» **Input data**:
• • • • • • •

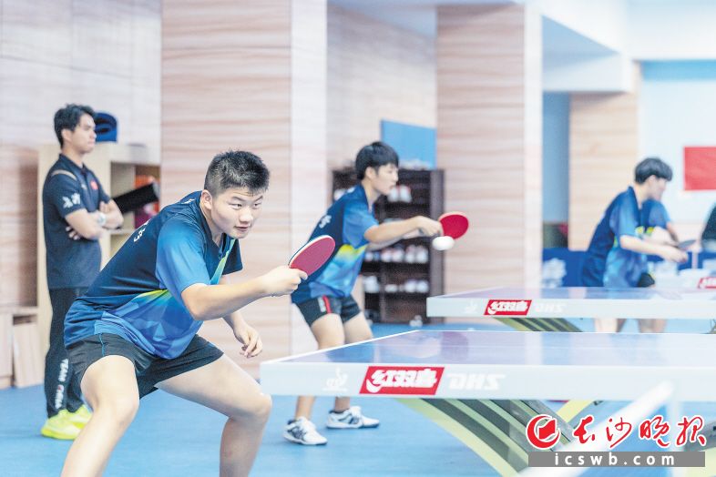 长郡中学乒乓球馆内,队员们在刻苦训练。长沙晚报全媒体记者 周数邑 摄
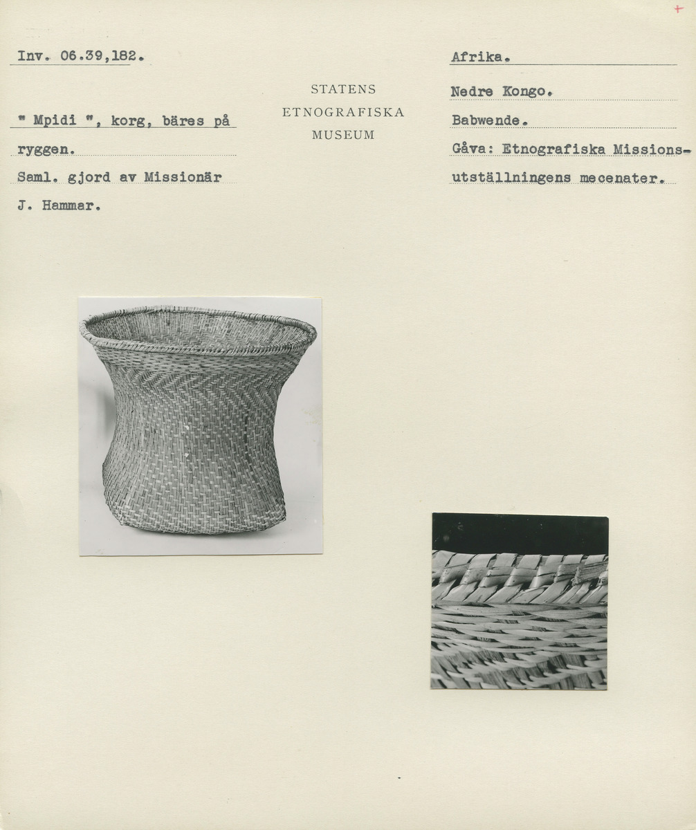 • Katalogkort ur Etnografiska museets arkiv. Dokumentation av föremålssamling.
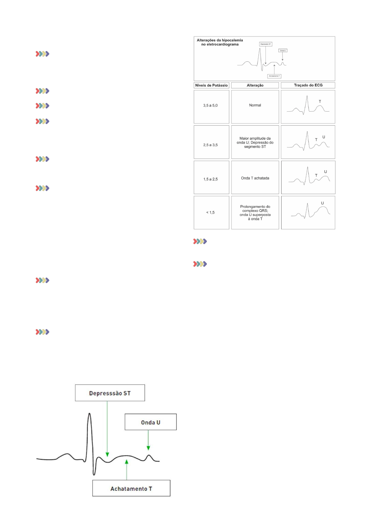 Distúrbios do potássio Qualquer distúrbio, normalmente vem acompanhado do distúrbio de outros eletrólitos, por isso importante dosar todos os eletrólitos Distúrbios do Potássio 3,5 - 5,0mEq/l É predominantemente intracelular A ingesta de K+ = eliminação ➜ Logo todo K+ ingerido é eliminado sendo 90% pelo rim e 10% pelo TGI O K+ é reabsorvido ou secretado no túbulo coletor dependendo das condições Túbulo distal define se irá ser eliminado ➜ Depende-se também do transporte de Na+, assim o glomérulo precisa ter filtrado Na+ para eliminar o K+ ↳ Precisa ter volume o suficiente para isso ↳ É preciso que haja correto funcionamento da aldosterona Alterações do K+, é preciso SEMPRE pensar em coração e músculo Hipocalemia K+ < 3,5 mEq/L É preciso saber se traz alterações no ECG ➜ Alteração de onda T (achatada e invertida) ➜ Formação de onda U A primeira manifestação normalmente é PCR Abordagem Diagnóstica ➜ K+ < 2,5mEq/L → GRAVE → Tratamento imediato ➜ K+ < 3,5mEq/L → Via oral ➜ Se alteração de ECG tratar independente de sintomas ou não ➜ Normalmente tem-se paralisia muscular ➜ Importante: Velocidade de instalação, ou seja, há quanto tempo ocorreu, mas normalmente não dá para saber disso, pois muitas vezes o paciente não sabe relatar ➜ Monitorização: Cardioscopia ➜ Fluxograma: ↳ Anamnese ↳ EF: Diarreia, diurético ↳ Drogas: Trato a causa/hipocalemia, não necessito prosseguir investigação ➜ Investigação laboratorial/diagnóstica ↳ Se HAS: Hiperaldo/HRV ↳ Sem HAS ↪ Perda renal ↪ Perda TGI ↪ Shift trancelular: insulina - β2-agonista - paralisia oeruiódica hipocalêmica ➤ Pode ser transferido do meio intravascular para o meio intracelular, logo o K+ está normal, mas está deslocado. Gerando hipocalemia pelo uso dessas drogas ➜ DAB Causas: ➜ TGI: ↳ Diarreia ↳ Vômitos (alcalose hipoclorêmica e hiperaldosteronismo secundário) ➜ Renais: ↳ Medicamentosa ↳ Hiperaldosteronismo ↳ Síndromes de Liddle, Bartter e Gitelman ↳ ATR tipo I e II ↳ Hipomagnesemia ➜ Medicamentosa: ↳ Diuréticos tiazídicos e de alça ↳ ATB → Gentamicina, penicilina, oxacilina, anfotericina ↳ Cisplatina, foscarnet, ifosfamida Tratamento 300 ml SF0,9 + 3 ampolas de KCl Durante 3h ➜ Imediato: Paralisiahipocalêmica/sintoma neuromucular ➜ Arritmias cardíacas/ECG ➜ Importante dosar Mg2+, pois se ele estiver baixo não é possível corrigir o K+ Hipercalemia Apresentação farmacêutica Concentração Cloreto de potássio 6%, solução oral 8 mEq/10ml Cloreto de potássio 10%, solução oral ou ampola (IV) 13 mEq/10ml Cloreto de potássio 10,1%, solução oral ou ampola (IV) 25 mEq/10ml Fosfato de potássio 20 mEq/10ml Cloreto de potássio 600mg (Slow K) 8 mEq/10ml Citrato de potássio (Lifocit) 10 mEq/10ml K+ > 5 mEq/L Paciente com hipercalemia é preciso ser monitorado ➜ Se não houver alteração no ECG e K+ < 6,5, não é preciso tratar de imediato ➜ K+ > 6,5 - tratar independente do ECG ↳ Risco de PCR ➜ ECG alterado - Tratar independentemente se K+ > 6,5 ↳ As alterações eletrocardiográficas são importantes porque podem afetar a função cardíaca normal e aumentar o risco de arritmias graves, como a fibrilação ventricular. A identificação precoce dessas alterações no ECG pode ajudar os médicos a diagnosticar a hipercalemia e intervir prontamente para corrigir os níveis de potássio e prevenir complicações cardiovasculares. Tratamento ➜ Hipercalemia grave ≥ 6,5mEq/l OU alteração de ECG ↳ Medida inicial: Gluconato de cálcio → 1 a 3 ampolas de 10 a 30 ml EV 30 - 60min em 100 ml de SF → Pico de ação de 30 a 60min, devendo ficar monitorando ↳ Glico-insulina - Shift → Venoso Glicose hipertônica 50% (100ml - 50g) + 10 UI insulina correndo de 20 a 30 min. ↪ Paciente com glicemia > 250 não precisa colocar glicose ↳ β2-agonista (Fenoterol) - Shift → Inalatório → 1 a 4 puffs de 6/6h ↳ Bicarbonato de sódio - Shift → Venoso → 0,5 - 1 mEq/Kg em bolus ↳ Diurético de alça: excreção de potássio - Eliminação → Venoso → Furosemida 0,5 a 1 mg/Kg EV ↳ Se não resolver (hipercalemia refratária) → Hemodiálise Observação: Gluconato de Cálcio para estabilizar fibras do coração → Es tab i l i zação membrana cardiomiocito Se estiver urinando ⇀ SF (chega Na e urina K) ⇀ Furosemida se PA regulada Se não estiver urinando ⇀ Nebulização com Berotec de 6/6h ⇀ Glicoinsulinoterapia (insulina tira o K+ migrando do intravascular para o intracelular, mas abaixa glicose, por isso deve-se dar glicose junto) ⇀ Sorcal - Resina trocadora ⇀ Bicarbonato 8/8h

• • • • • • •

In the data above, please extract the lines from the first one through the line with "Dokumentation av föremålssamling.", exactly, and keep pictures out.

 长郡中学乒乓球馆内,队员们在刻苦训练。长沙晚报全媒体记者 周数邑 摄
 • Katalogkort ur Etnografiska museets arkiv. Dokumentation av föremålssamling.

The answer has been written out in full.